Entrevistas|z_Areazero
|
18 de julho de 2016
|
10:56

Porto Alegre vive “total ausência de gestão pública”, avalia Raul Pont

Por
Sul 21
[email protected]
 Foto: Joana Berwanger/Sul21
Raul Pont é o pré-candidato definido pelo PT para disputar as eleições municipais em Porto Alegre | Foto: Joana Berwanger/Sul21

Débora Fogliatto

Único dos pré-candidatos à Prefeitura de Porto Alegre que já exerceu o cargo anteriormente (1997-2000), o petista Raul Pont tenta, quase 20 anos depois, voltar ao posto. Ele, que também já foi vice-prefeito, deputado estadual e federal, avalia que a situação da política nacional, com o afastamento da presidenta Dilma Rousseff, influencia diretamente nas eleições municipais. Por isso, também, defende uma aliança do campo da esquerda que votou contra o impeachment, reunindo PT, PCdoB, PSOL e PDT, em um possível segundo turno contra algum candidato identificado com a direita.

Leia as entrevistas com os candidatos a prefeito:
‘Se nós tivéssemos um projeto fracassado, não teríamos quatro candidaturas da base do governo’
Luciana Genro: ‘Já vou adiantar que não farei loteamento de cargos no governo’
“Porto Alegre deve ser capacitada como um berço do empreendedorismo”
‘Se estou em dificuldades, as da Luciana serão maiores’, diz Vieira sobre campanha sem alianças
Candidato do PSL defende privatizações e Prefeitura menor em Porto Alegre
‘É o momento da verdadeira esquerda apresentar um projeto alternativo de sociedade’

E os perfis dos vices:
‘A prioridade não é o Moinhos de Vento, é a Ilha Grande dos Marinheiros’
Professora municipal, lésbica e de matriz africana, conheça a vice de Pont: ‘nem recatada, nem do lar’

Para o primeiro turno, Pont relata que o partido busca aliança com o PCdoB, que compõe a Frente Brasil Popular com o PT, e aposta na parceria com movimentos sociais e de juventude. “Com uma defesa da democracia, luta prioritária pelos direitos sociais, porque nós representamos efetivamente os setores populares, e uma defesa das funções do Estado, das empresas públicas”, afirmou. Ele ainda critica a gestão atual, desde o governo de José Fogaça, passando pelas administrações de José Fortunati com o vice Sebastião Melo, os quais menciona que transformaram o Orçamento Participativo em algo “para inglês ver”, ou seja, que não tem real influência nas decisões da cidade.
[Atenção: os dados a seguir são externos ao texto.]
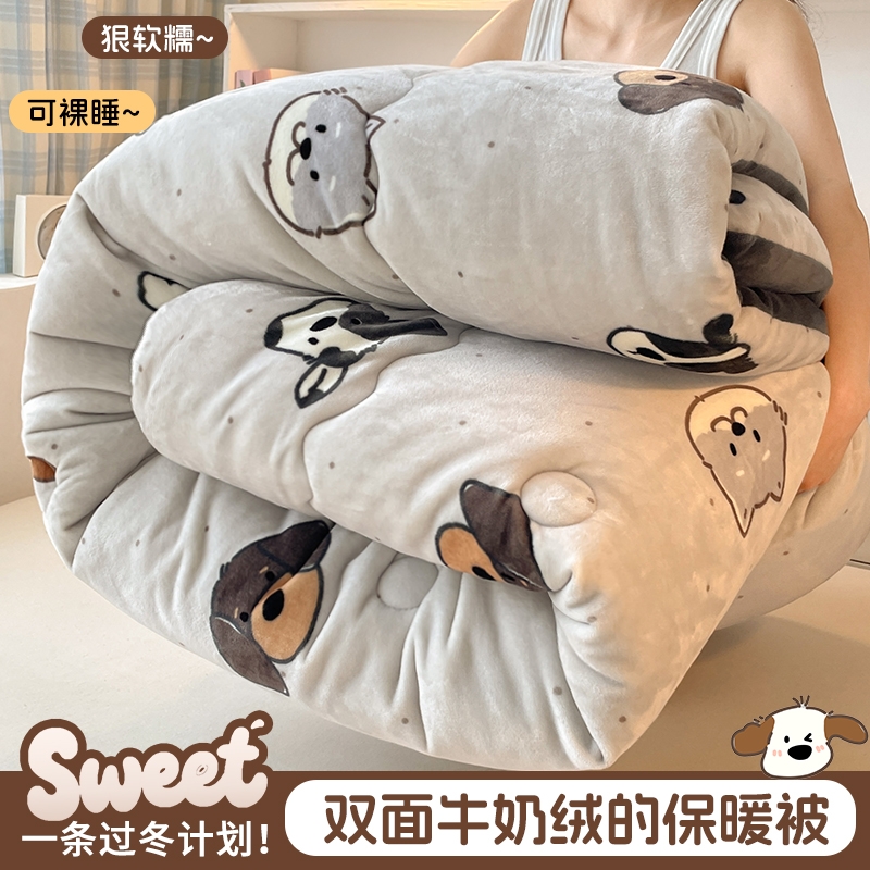 牛奶绒被子冬被春秋被宿舍单人学生儿童家用冬季加厚保暖棉被被芯,卖家天天特卖工厂,冬天到来了,牛奶绒棉被要早早的备起来!!-【全尺寸同价】艳阳天牛奶绒棉被-AB面社设计,任意换面-软乎乎的,睡觉都变甜啦

O ex-prefeito também menciona discussões que estão em alta na capital gaúcha, como o Cais Mauá, a segurança pública e o déficit habitacional. “Eu parto da ideia de que o Cais tem que voltar a ser apropriado por Porto Alegre”, declarou, garantindo que gostaria de rever os contratos da empresa que atualmente tem a concessão de uso do espaço. “Acho que a primeira coisa é mudar esse contrato e denunciar esse contrato. Depois tem a discussão de se o estado ou a prefeitura serão o administrador, e eu vou retomar a luta para que o município passe a gerenciar essa área”, assegurou.

 Foto: Joana Berwanger/Sul21
Intenção é construir aliança com ‘identidade programática sólida’, garante | Foto: Joana Berwanger/Sul21

Confira a entrevista completa:

Sul21 – Como está a articulação do PT para alianças?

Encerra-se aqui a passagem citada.